To properly measure what we are trying to measure, we need to ensure a side effect. An easy way to do this, for instance, is print our accumulator outside of the measurement loop:
1@Test
2fun square() {
3 var result = 0f
4 benchmarkRule.measureRepeated {
5 for (f in data) {
6 result += f * f
7 }
8 }
9 println(result)
10}
The trick with injecting side effects is to find a way to do so without affecting the benchmark
itself, at least not too much. For instance it would be a bad idea to accumulate the results in a
mutableListOf<Float>()
which would cause boxing and trigger garbage collection.
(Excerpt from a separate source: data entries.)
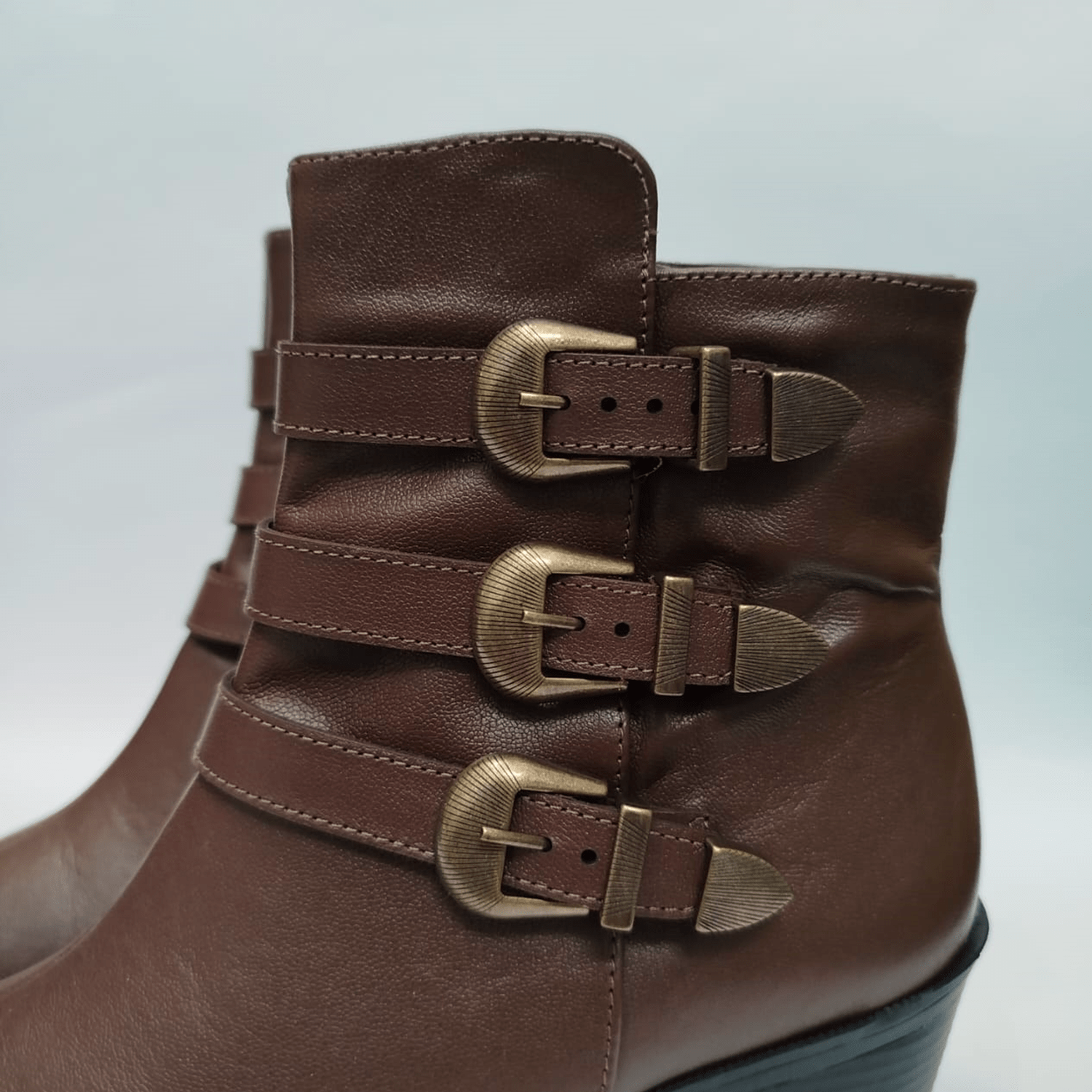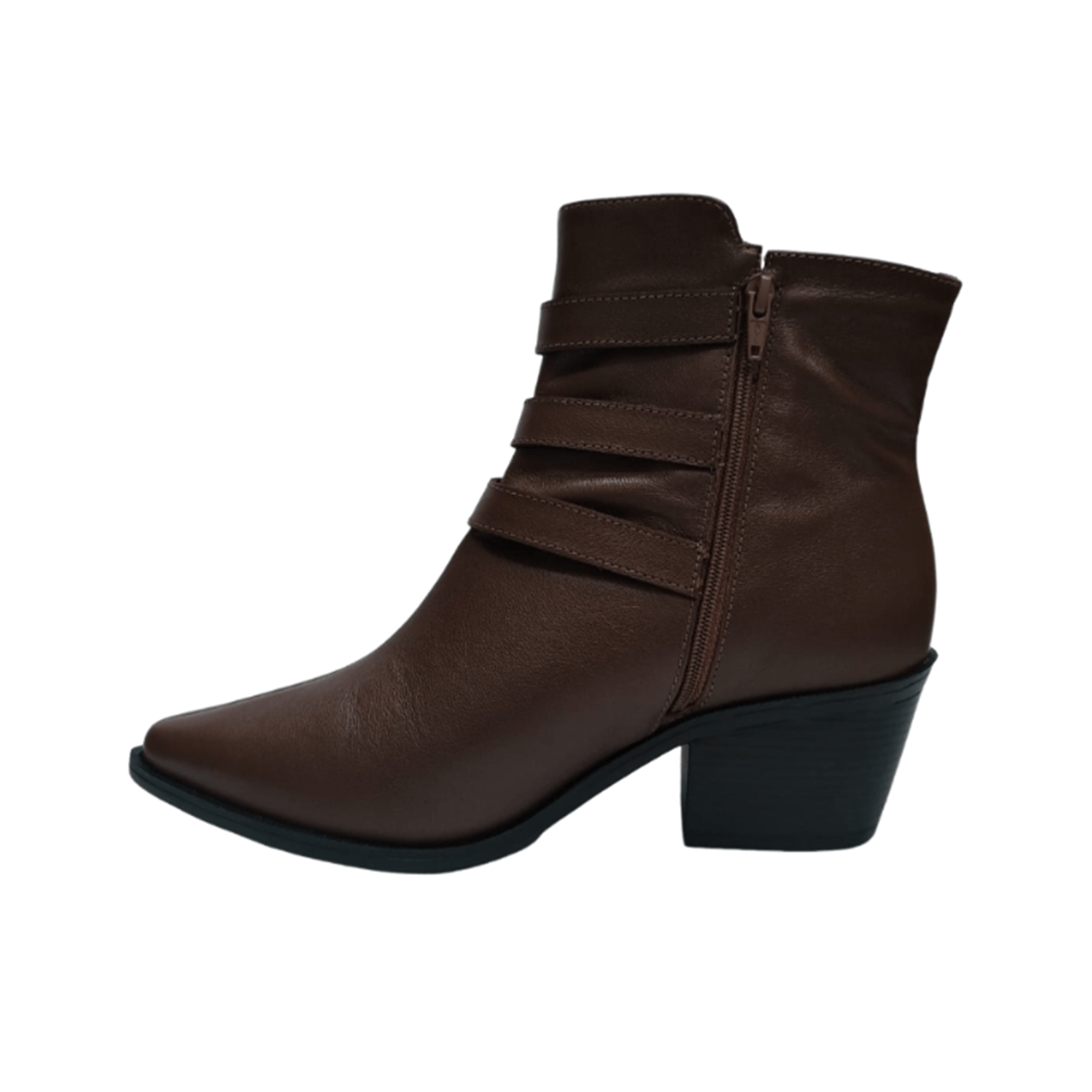 Detalhes do modelo: Salto baixo, bico fino, zíper para facilitar o calce e detalhe de fivelas na lateral em ouro velho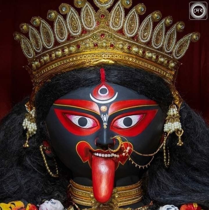 And, because it fairly instantly leaped into my head upon having this photo sent to me by Mum … here’s the Rev. Rolinson (who had assisted the spider in question upon its exit from the shower to the bushes outside) with his temporary hairpiece, along with the somewhat similar iconographic feature one finds in Bengali depictions of the Goddess (look between the Brows).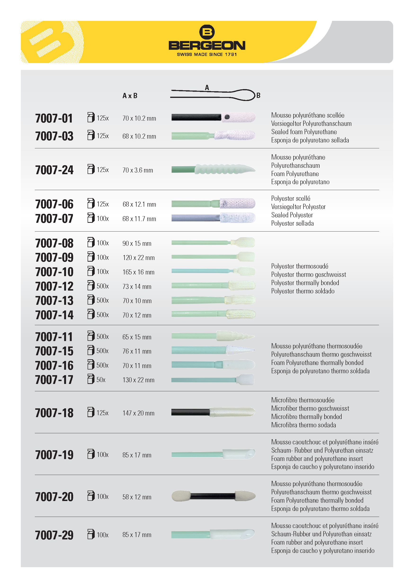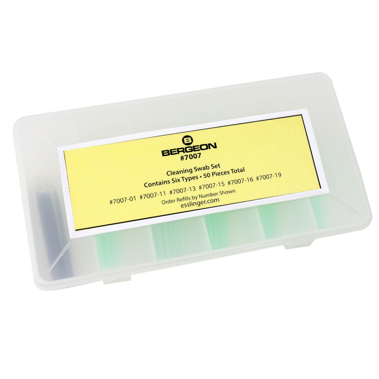BERGEON 청소 스왑 모음은 인기 있는 BERGEON 7007-S 모음의 소형 버전입니다. 이 청소 스왑 컬렉션은 6가지 서로 다른 유형의 스왑 각각에 5개에서 10개가 포함되어 있어 주얼러와 워치메이커에게 완벽합니다. 이 모음을 손에 두고 있으면 앞으로 몇 달 동안 발생할 수 있는 모든 청소 필요를 처리할 수 있습니다. 다양한 유형의 스왑 헤드가 있어 적절한 청소 스왑이나 Q-팁을 찾는 데 어려움을 겪지 않을 것입니다. 이 스왑은 가장 크고 쉽게 접근할 수 있는 영역부터 가장 작고 접근하기 어려운 곳까지 청소하는 데 적합합니다. 강한 6개 구획의 플라스틱 박스에 스냅 클로저로 제공됩니다. 키트에는 다음이 포함됩니다:

Thankfully, as of version 1.3.0 of the microbenchmark library, you can use the BlackHole
API:
1@Test
2fun square() {
3 benchmarkRule.measureRepeated {
4 for (f in data) {
5 BlackHole.consume(f * f)
6 }
7 }
8}
The consume()
function is an implementation invisible to ART which forces it to preserve the
original code since it cannot assume there are no side effects. That function is implemented as a
@CriticalNative
JNI call that doesn’t do anything, so it’s really fast and safe to use in most
(all?) cases.
Our benchmark can now finally reveal the truth:
// println()
11,755 ns 0 allocs Trace MathBenchmark.square
100,771 ns 0 allocs Trace MathBenchmark.pow2
// BlackHole
12,215 ns 0 allocs Trace MathBenchmark.square
102,351 ns 0 allocs Trace MathBenchmark.pow2
Using pow(2f)
is ~9x slower than a simple multiplication (and I wish R8 or ART would turn calls
to pow(2f)
and pow(3f)
into multiplications).
Even with this simple example we saw that it can be tricky to truly measure what we think we are measuring. This problem can become a lot more complex if you need to take into account memory access patterns, branch predictions, etc.